**What the task requires:** Everything from the first line of the data below through the line that contains "显卡通杀3A大作和网游,还有M.2 512G SSD,主流应用" should be written out exactly, please, and nothing more; the pictures stay out.

**Data for analysis:**
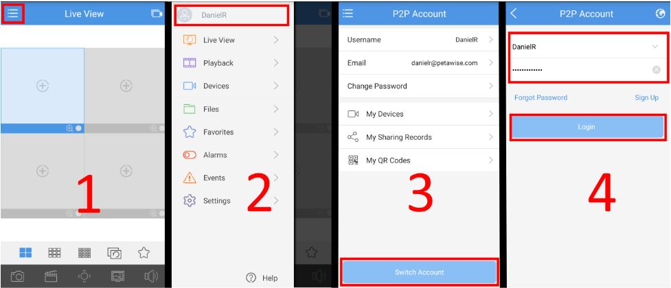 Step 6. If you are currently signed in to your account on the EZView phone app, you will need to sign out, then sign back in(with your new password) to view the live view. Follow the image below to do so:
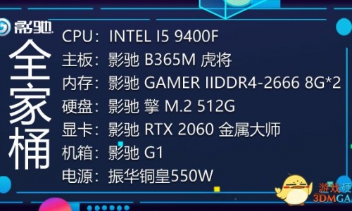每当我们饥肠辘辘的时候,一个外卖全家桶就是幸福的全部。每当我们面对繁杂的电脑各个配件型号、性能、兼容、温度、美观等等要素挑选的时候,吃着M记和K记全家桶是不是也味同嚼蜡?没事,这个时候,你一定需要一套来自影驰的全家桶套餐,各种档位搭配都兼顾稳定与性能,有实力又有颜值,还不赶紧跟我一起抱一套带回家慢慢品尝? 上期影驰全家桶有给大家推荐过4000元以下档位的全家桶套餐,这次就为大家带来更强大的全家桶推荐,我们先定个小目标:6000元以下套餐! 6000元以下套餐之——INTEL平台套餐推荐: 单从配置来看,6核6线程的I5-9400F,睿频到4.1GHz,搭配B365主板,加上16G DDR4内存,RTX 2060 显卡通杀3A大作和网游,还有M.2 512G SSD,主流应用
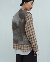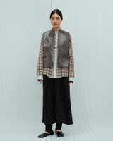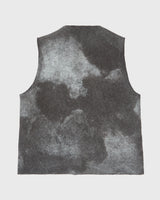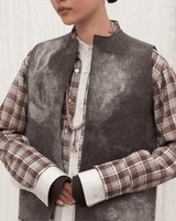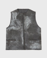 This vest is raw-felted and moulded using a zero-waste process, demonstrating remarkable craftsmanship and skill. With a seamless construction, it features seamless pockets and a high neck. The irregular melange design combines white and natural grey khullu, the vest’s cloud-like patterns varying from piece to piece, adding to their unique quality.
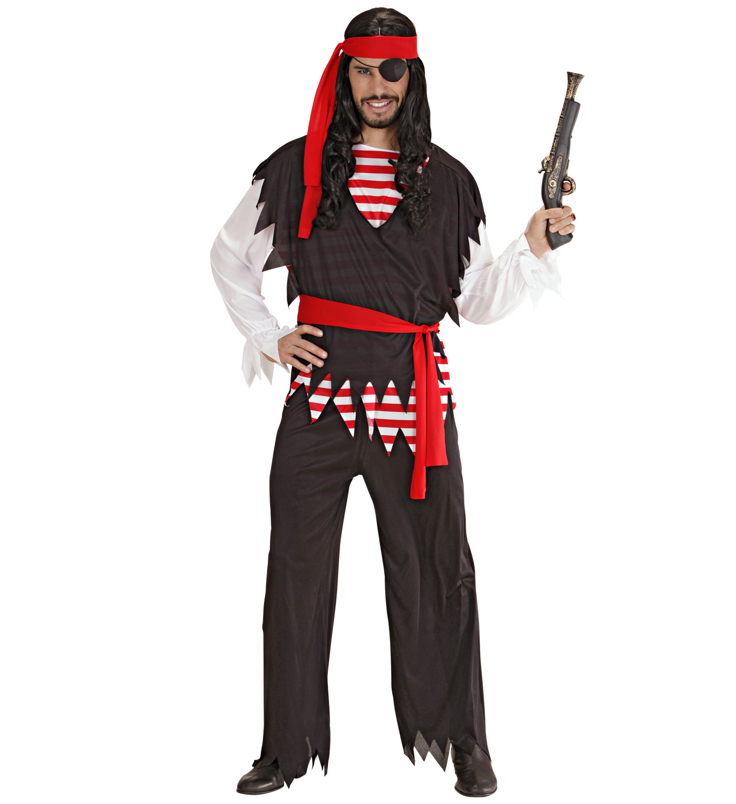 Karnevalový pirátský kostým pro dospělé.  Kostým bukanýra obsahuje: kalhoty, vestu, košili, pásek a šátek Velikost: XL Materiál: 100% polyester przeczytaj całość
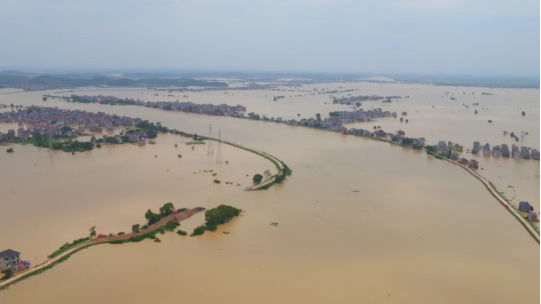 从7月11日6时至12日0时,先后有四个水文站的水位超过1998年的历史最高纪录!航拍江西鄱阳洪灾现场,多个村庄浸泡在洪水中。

**Task solution:**
 Step 6. If you are currently signed in to your account on the EZView phone app, you will need to sign out, then sign back in(with your new password) to view the live view. Follow the image below to do so:
每当我们饥肠辘辘的时候,一个外卖全家桶就是幸福的全部。每当我们面对繁杂的电脑各个配件型号、性能、兼容、温度、美观等等要素挑选的时候,吃着M记和K记全家桶是不是也味同嚼蜡?没事,这个时候,你一定需要一套来自影驰的全家桶套餐,各种档位搭配都兼顾稳定与性能,有实力又有颜值,还不赶紧跟我一起抱一套带回家慢慢品尝? 上期影驰全家桶有给大家推荐过4000元以下档位的全家桶套餐,这次就为大家带来更强大的全家桶推荐,我们先定个小目标:6000元以下套餐! 6000元以下套餐之——INTEL平台套餐推荐: 单从配置来看,6核6线程的I5-9400F,睿频到4.1GHz,搭配B365主板,加上16G DDR4内存,RTX 2060 显卡通杀3A大作和网游,还有M.2 512G SSD,主流应用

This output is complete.